Lead Architect:

Ronald L. Rivest


The MD6 Hash Algorithm

The MD6 hash algorithm is a cryptographic hash algorithm developed at MIT by a team led by Professor Ronald L. Rivest in response to the call for proposals for a SHA-3 cryptographic hash algorithm by the National Institute of Standards and Technology.

This web site provides information about MD6, including a copy of the materials that were submitted to NIST. This site is organized chronologically, with the most recent material first.

9-2011Ethan Heilman's improved differential analysis

New results to reestablish the differential resistance of MD6 and extend previous analysis to prove that MD6 is resistant to differential cryptanalysis, doubling the number of rounds in the security margin for which MD6 is proven secure against differential attacks. The paper is avaliable here. The source code can be found here and on Ethan's github account here. Ethan can be contacted at ethan@geographicslab.org.

7-03-2009Official comment on MD6

On July 1, 2009, we posted this comment to NIST regarding MD6.

It should be fairly self-explanatory, but the following points may be worth noting:

  • We are not withdrawing our submission; NIST is free to select MD6 for further consideration in the next round if it wishes. But at this point MD6 doesn't meet our own standards for what we believe should be required of a SHA-3 candidate, and we suggest that NIST might do better looking elsewhere. In particular, we feel that a minimum "ticket of admission" for SHA-3 consideration should be a proof of resistance to basic differential attacks, and we don't know how to make such a proof for a reduced-round MD6.
  • Furthermore, we may be able to "resuscitate" MD6 via some clever innovation in our proof methodology, or some clever "tweak" that would allow a proof to go through. We'll let NIST know if we find something. But we are not particularly optimistic.
  • We do not know of any effective attacks on MD6, even for MD6 with substantial reductions in the number of rounds. But absence of evidence of weaknesses is not evidence of absence of weaknesses; this is why we feel strongly that provable resistance to at least basic differential attacks should be a firm requirement for SHA-3 candidates.
  • 4-15-2009Revised NIST submission package

    We have prepared a revised version of our MD6 NIST submission package. This revision corrects two coding errors in the previous version (i.e., in the 2009-01-15 version). Thanks to Piotr Krysiuk and R. L. Vaughn for reporting these errors to us!
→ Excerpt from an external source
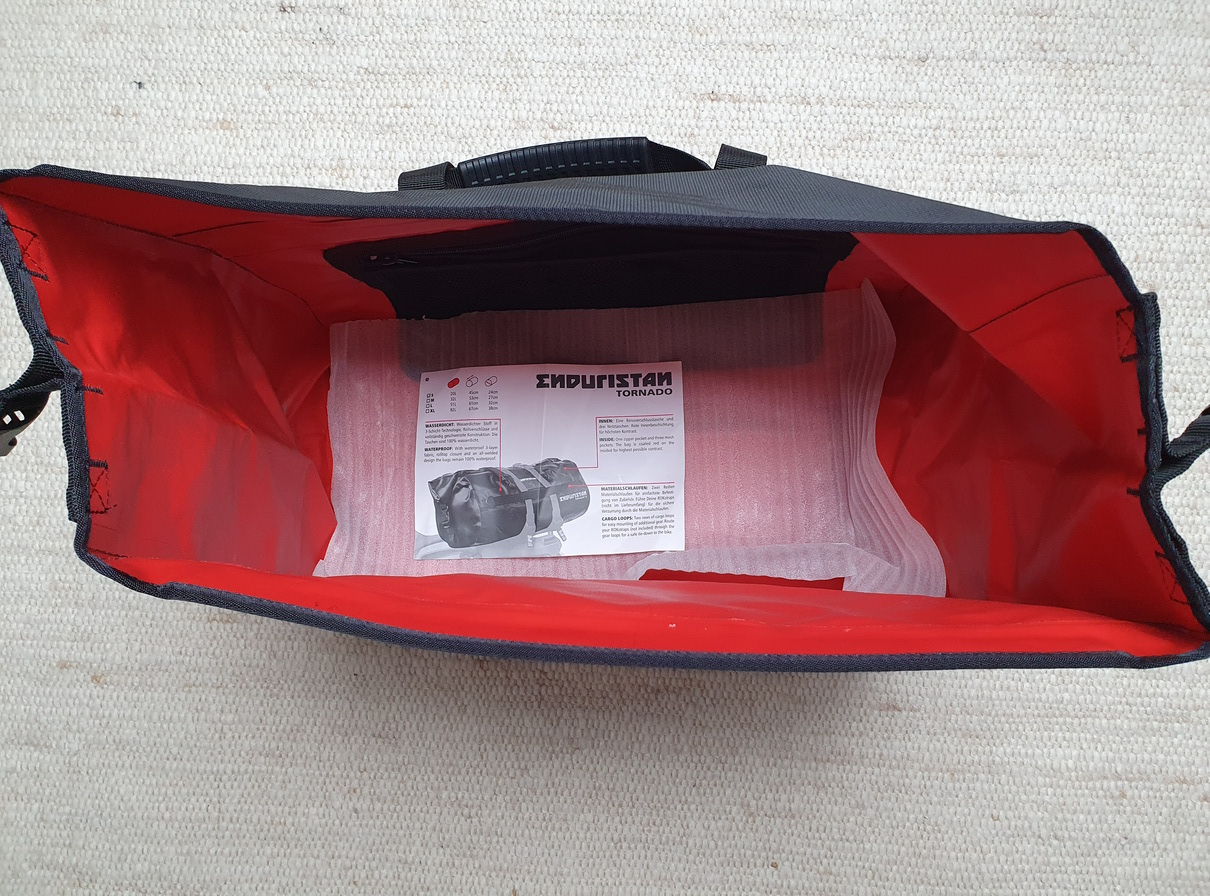 Neue und sehr gut – typisch Enduristan – verarbeitete Rolltasche von Enduristan, die Tornado S2 in schwarz; Angaben laut Hersteller:

    This revision does not affect any of the results reported in the original document, but it does affect the KAT/MCT results we previously submitted; new versions of these results are included in this revised MD6 package. Some users of the earlier MD6 code may also be affected; depending on the MD6 interface utilized, results inconsistent with the MD6 specification may be obtained. More details are available in the changelist.

    2-23-2009FSE Paper

    Yevgeniy Dodis, Leo Reyzin, Ronald L. Rivest, and Emily Shen presented their paper, Indifferentiability of Permutation-Based Compression Functions and Tree-Based Modes of Operation, with Application to MD6 at the 2009 Fast Software Encryption Conference (Leuven, Feb. 23, 2009).
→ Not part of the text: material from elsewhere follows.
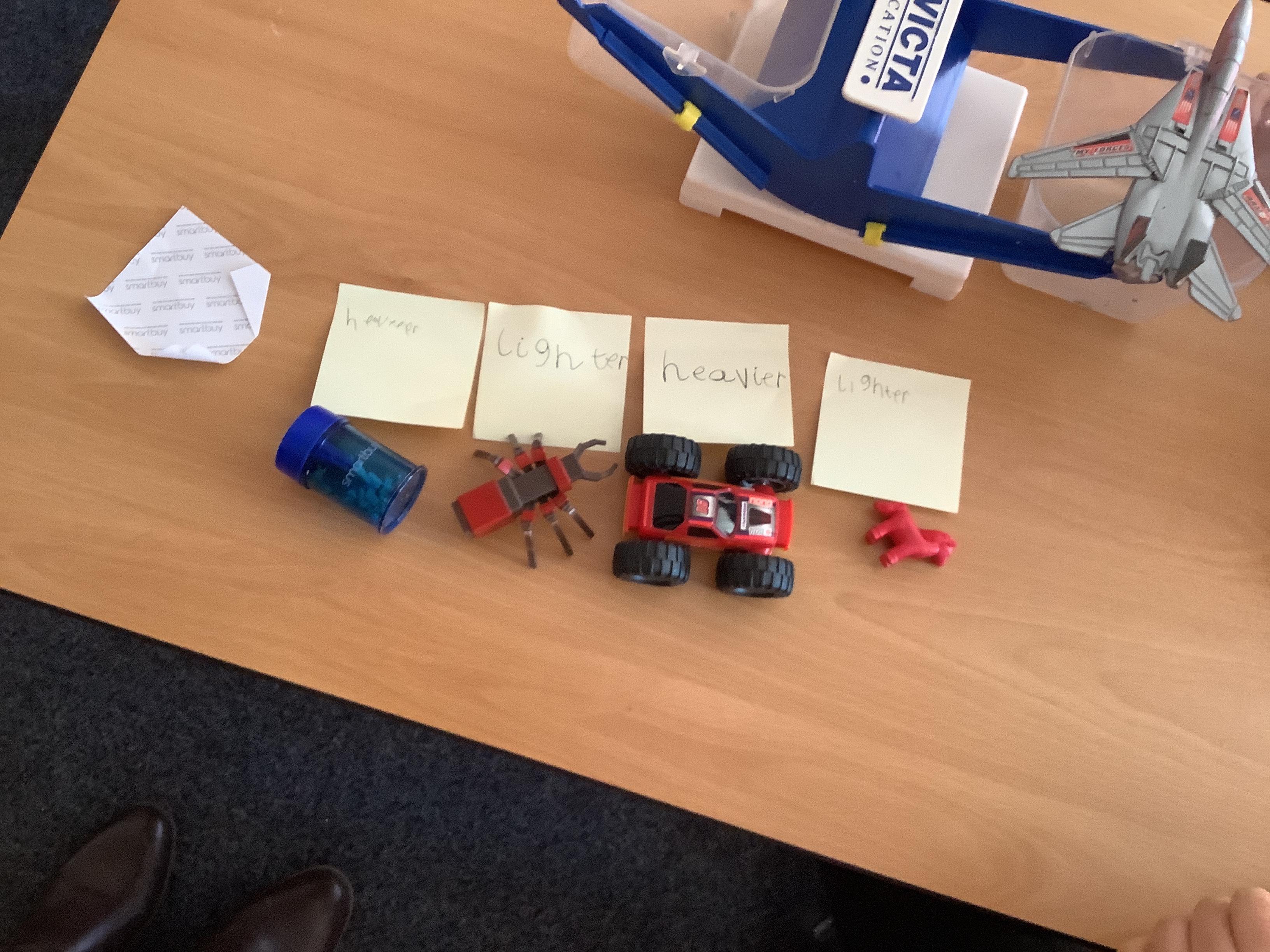 In Maths we used the balance to work out which objects were heaviest and lightest. We then ordered objects by weight.

    2-21-2009MD6 Report Correction

    Some figures were accidentally left out of the revised MD6 report submission to NIST. We have posted another revised version of the MD6 report including these figures.

    1-15-2009Revised NIST submission

    We have submitted a revised version of MD6 to NIST. The revision corrects a buffer overflow error present in the original version. Many thanks to Doug Held and Fortify for discovering and helping us correct this issue.

    This revision does not affect any of the results reported in the original document. More details are available in the changelist.

    10-2008 NIST submission

    The MD6 submission package is available here.

    A hardware implementation is available on OpenCores.

    9-20-2008 Crypto'08 slides

    The first public presentation of MD6 was made on 9/20/08 at the Crypto'08 conference, where Prof. Rivest gave an invited talk on MD6.

    His powerpoint slides are here.

    6-2008Crutchfield's thesis

    The Master's thesis of Christopher Crutchfield, entitled "Security Proofs for the MD6 Mode of Operation," is available here.